October 26, 2010 Leave a comment

Last week I joined 36 other eager grape pickers to spend a day harvesting Chambourcin grapes for my friendly winemaker Yvon Gros of Leroux Creek Vineyards, which is near (sort of, within 8 miles or so) of Hotchkiss, Colorado.

Hotchkiss is a small (pop. about 1,000) farmer/rancher town in the North Fork Valley of western Colorado. The entire valley is rapidly changing as well-to-do folks retire elsewhere and discover the joys of living in a small friendly town where land prices still are reasonable. You can meet someone who looks as if they’ve spent their entire life on a farm and it turns out they’re a retired nuclear scientist, former university prof or well-known author or musician, all of which I’ve met in the past few years.

In recent years, the North Fork Valley has become known for its growing wine industry, and valley’s 11 wineries compose the entirety of the West Elks American Viticultural Area.

Yvon and his wife Joanna about six years ago started the Leroux Creek Inn, a B&B, spa and winery. True to his roots (Yvon is a trained executive chef and hails from Provence), Yvon planted French hybrid grapes, Chambourcin and Cayuga.

Yvon Gros of Leroux Creeek Vineyards, still wearing his safety glasses after a morning of operating the crusher/destemmer, pours his unfiltered 2009 Pinot Gris for his guests and workers during the recent harvest.
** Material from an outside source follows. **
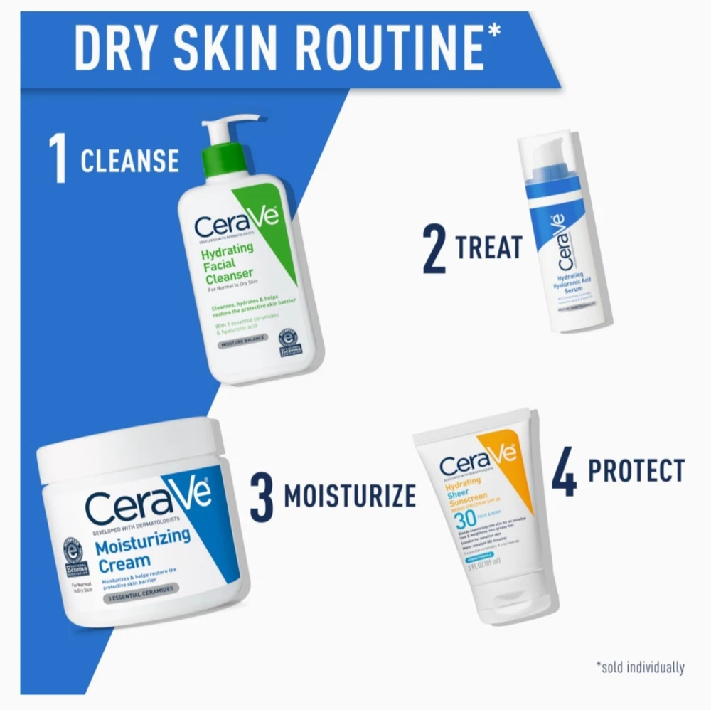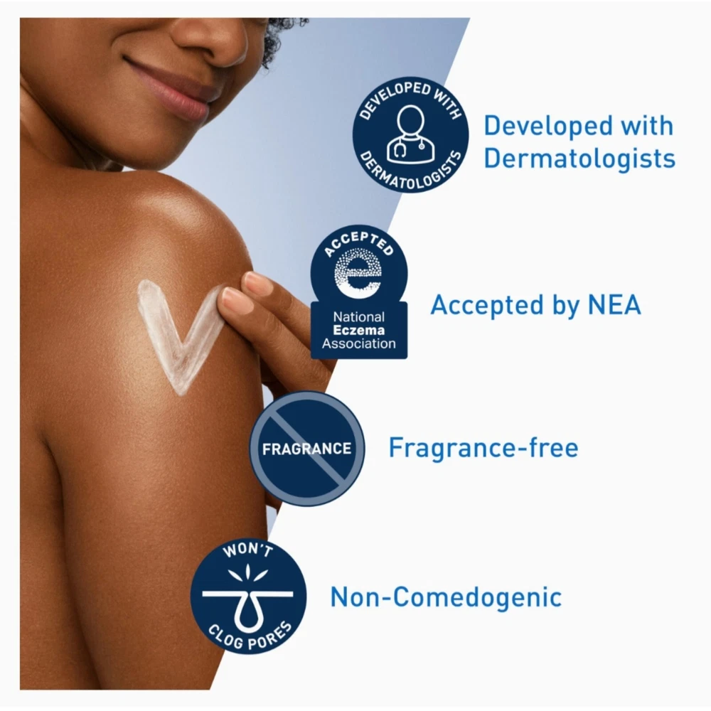 CeraVe Moisturizing Cream Body and Face Moisturizer for Dry Skin 19 ounce FS. Brand Name: CeraVe Product: Moisturizing Cream Type: Cream Size: 19 oz Please see pictures for further Information. Feel free to ask for additional details if needed. Specifications: Brand CeraVe Item Volume 19 Fluid Ounces Item dimensions L x W x H 3.58 x 3.58 x 8 inches Age Range (Description) Teen Special Feature Non Comedogenic Description: · [ HYALURONIC ACID MOISTURIZER ] With hyaluronic acid, ceramides and MVE technology for 24 hour hydration. Rich, velvety texture that leaves skin feeling smooth, it is absorbed quickly for softened skin without greasy, sticky, feel. · [ MOISTURIZER FOR DRY SKIN ] A deficiency of ceramides in skin can often be associated with dry skin, which can feel itchy and look flaky. CeraVe Moisturizing Cream is formulated with three essential ceramides & hyaluronic acid. · [ GENTLE DAILY MOISTURIZER ] For face and body or can be used as a hand cream for dry skin relief. Holds National Eczema Association (NEA) Seal of Acceptance. Fragrance free, paraben free, allergy-tested, and non-comedogenic. · [ 3 ESSENTIAL CERAMIDES ] Ceramides are found naturally in the skin and make up 50% of the lipids in the skin barrier. All CeraVe products are formulated with three essential ceramides (1, 3, 6-II) to help maintain the skin’s natural barrier. · [ DEVELOPED WITH DERMATOLOGISTS ] CeraVe Skincare is developed with dermatologists and has products suitable for dry skin, sensitive skin, oily skin, acne-prone, and more. Free and Fast Shipping: We use Premium Shipping Services to ship products. All orders are processed and shipped within 2-3 business days. Our aim is to deliver your package as quickly as possible in 2- 5 business days. If the item is lost or there is an uncertain delay in the delivery by shipping carrier we request you to contact us, so we can help you out with a refund or replacement. Return Policy: We are committed to make sure that you leave this transaction satisified. If you are unhappy with the product for any reason you may return it back in original packing and customer will pay for return shipping. No questions asked! Customer Feedback: All Store policies are for the customer satisfaction & customer gratification. It's our first and foremost priority. We always strive hard to create a very best and positive customer experience. Please leave a positive feedback about your recent purchase. We appreciate it very much. Thank you, HH Commerce LLC.

I don’t know of any other winemaker in Colorado growing either hybrid, although the hybrids are popular in the Midwest and East, where the climate calls for winter-hardy grapes. After so many Colorado grape growers were struck down by a series of intense frosts and deep winter cold that began last December, Yvon this year is particularly enamored with his Chambourcin, a red grape that produces a dark-red, fruity wine sometimes used as a blend to soften the intensity of a big Cabernet Sauvignon or Merlot.

But he was surprised during the Colorado Mountain Winefest in September that it wasn’t his Chambourcin, Cayuga, Merlot or Chardonnay that proved to be the crowd favorite but rather his 2009 unfiltered Pinot Gris.

He wasn’t expecting so much demand for the Pinot Gris and only made 15 cases, most of which sold in one day at Colorado Mountain Winefest. Now, he’s hoarding the last of the Pinot Gris, selling it only at the winery tasting room and occasionally doling out a bit for friends. He generously opened a few bottles during our mid-day break while harvesting and said he regrets not making more since the vineyard the Pinot Gris came from was killed off in an April frost.

“There won’t be anymore for a while, until the vines come back,” lamented Yvon. “I was surprised at how popular this was because many people don’t like unfiltered wines.”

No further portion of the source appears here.